The musicians he has playing with him are really talented and versatile. I feel like the songs really soar in a way that the recorded versions just can’t match. The harmonies are fantastic.
When I’m at a show, I usually grab a couple of pictures when the opportunity presents itself but I don’t usually try to do more than that. Both because my phone’s capabilities are limited and my own concert-going protocol is pretty old school. Be present. Be in the moment. Don’t watch the concert through your phone. Now and then I’ve tried to record some part of a song but the results are usually bad and I’d rather be dancing than standing still filming anyway.

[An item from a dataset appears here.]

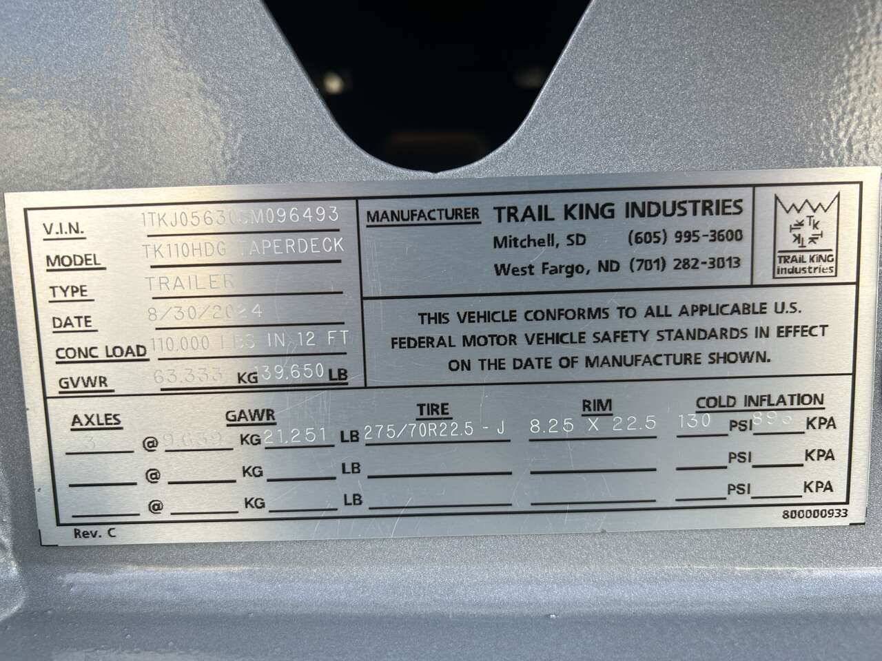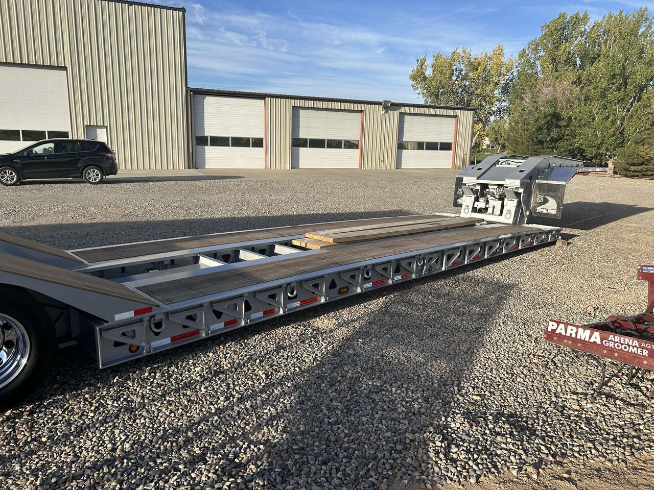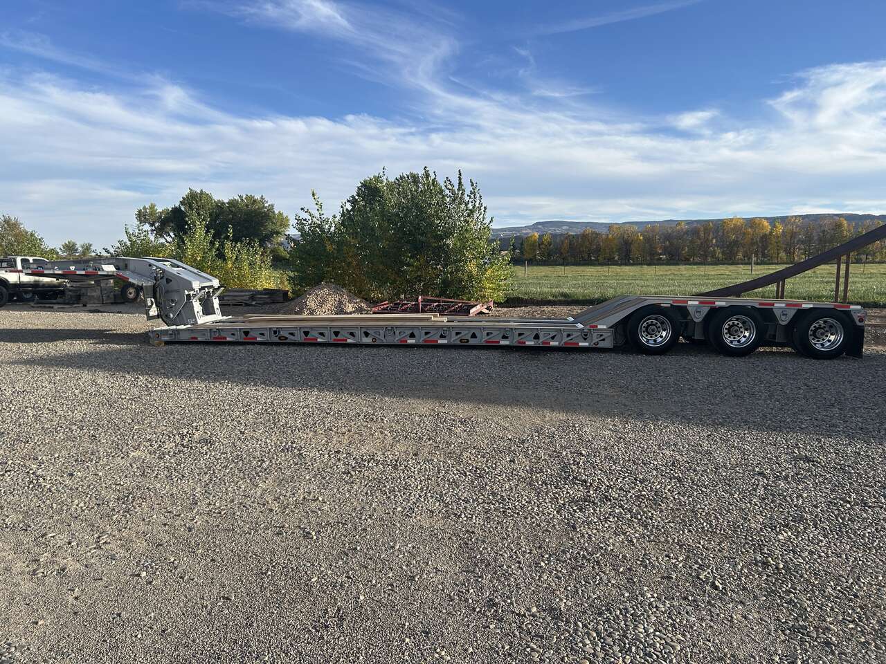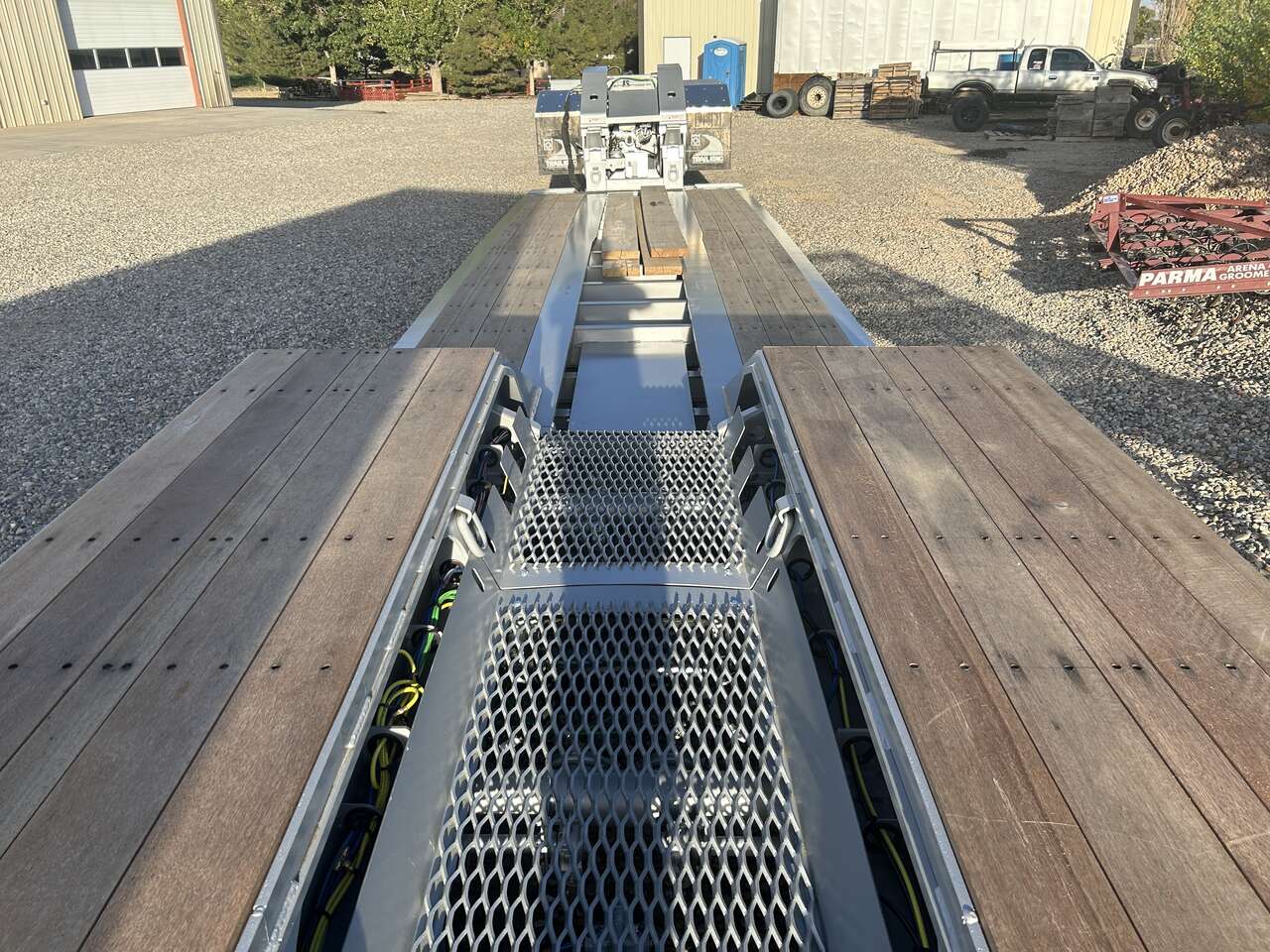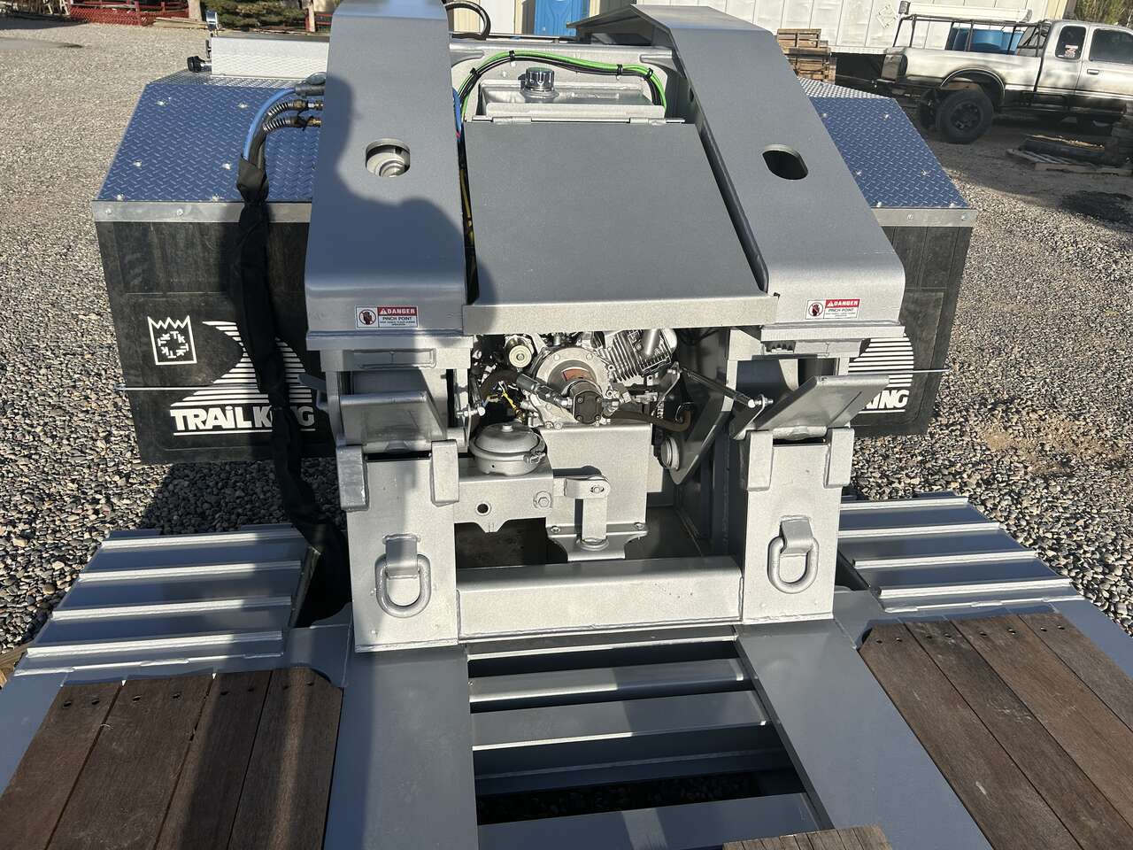 New 2025 Trail King TK110HDG Advantage Plus 55 Ton RGN Paver Special Lowboy, 56' x 108", 16" and 40" king pin settings with 110" and 86" swing, 389cc Honda self contained hydraulics, 65 ton HD gooseneck 5 position height, hydraulic T-bar gooseneck support arm, arched gooseneck for increased truck fender clearance, aluminum diamond plate 13' gooseneck fenders, 6" ground clearance 18" deck height, 25'9" well, knuckle trough covered with 1/4" steel and heavy duty expanded metal bolted in boom trough, load bearing 26 degree slope covered with 1 3/8" Apitong 60" wheel spacings, Alcoa Durabrite polished aluminum wheels, Stemco grit-guard hub seals, 1 3/4" Apitong raised decking, 22 D-ring tiedowns, 30 swingout out riggers with planks, amber strobes at rear, first axle chain up with air shutoffs, front and rear flag holders, remote flasher with battery backup, grey metallic paint with white decals, bridge lock decking screws, stainless around lights in tail channel, front ramps, Airway per axle scales, 4th flip axle, booster, or stinger ready. Build sheets available upon request. FET has been paid and is included in the price of $141,900.00 - Trailer is located near Grand Junction, Colorado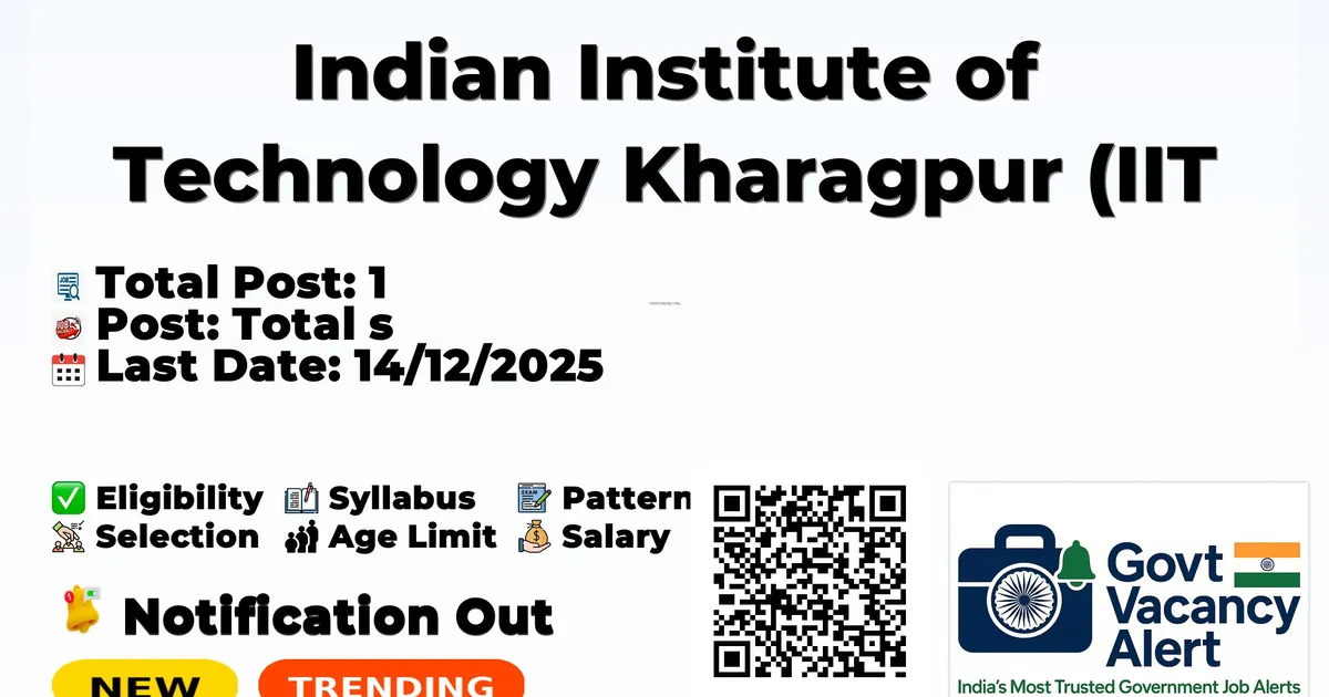 Indian Institute of Technology Kharagpur (IIT Kharagpur) has released an official notification for the recruitment of 01 Project Scientist Posts. Interested and eligible candidates can apply Online through the official IIT Kharagpur website. The last date to submit the application form is 14-12-2025. In this article, you’ll find the IIT Kharagpur Project Scientist Posts recruitment details, including eligibility criteria, age limit, salary structure, selection process, application steps, and direct links to the official notification and Online application form.

But just before he performed this song, he asked everyone to take out their phones to make a sound effect. If you and a friend call each other, then put the two phones very close together, just a few inches apart, it will create a chirpy, cricket-like feedback. Well, I was by myself. And since the people near me moved a little to be able to get their phones in position to make the noise, I had a clear shot and my phone in my hand. Watch it in HD and full-screen (my daughter always gives me a hard time that I forget to turn the phone for a horizontal shot but then I’d just have people’s heads in the shot) if it looks too small and blurry above.
That’s just him looping the violin and his voice, and the sound is so big. You can really hear the phone feedback clearly at the end of the song. That is not me you hear singing along. If you are in my car, you will have to endure me singing along, loudly, maybe even repeating a song enough times for me to be able to sing the different harmonies, but at a show, I am only going to sing along when the performers are encouraging the crowd to join in. I actually think I’m pretty good at singing along but I’m there to hear them, not me.
This was the only song he did solo, several they played as an acoustic four-piece, then others with everything plugged in and lots of additional instruments. It’s worth the price of admission just to see the banjo light show that Mike Savino brings to the outfit. Go. I can’t imagine you would regret it.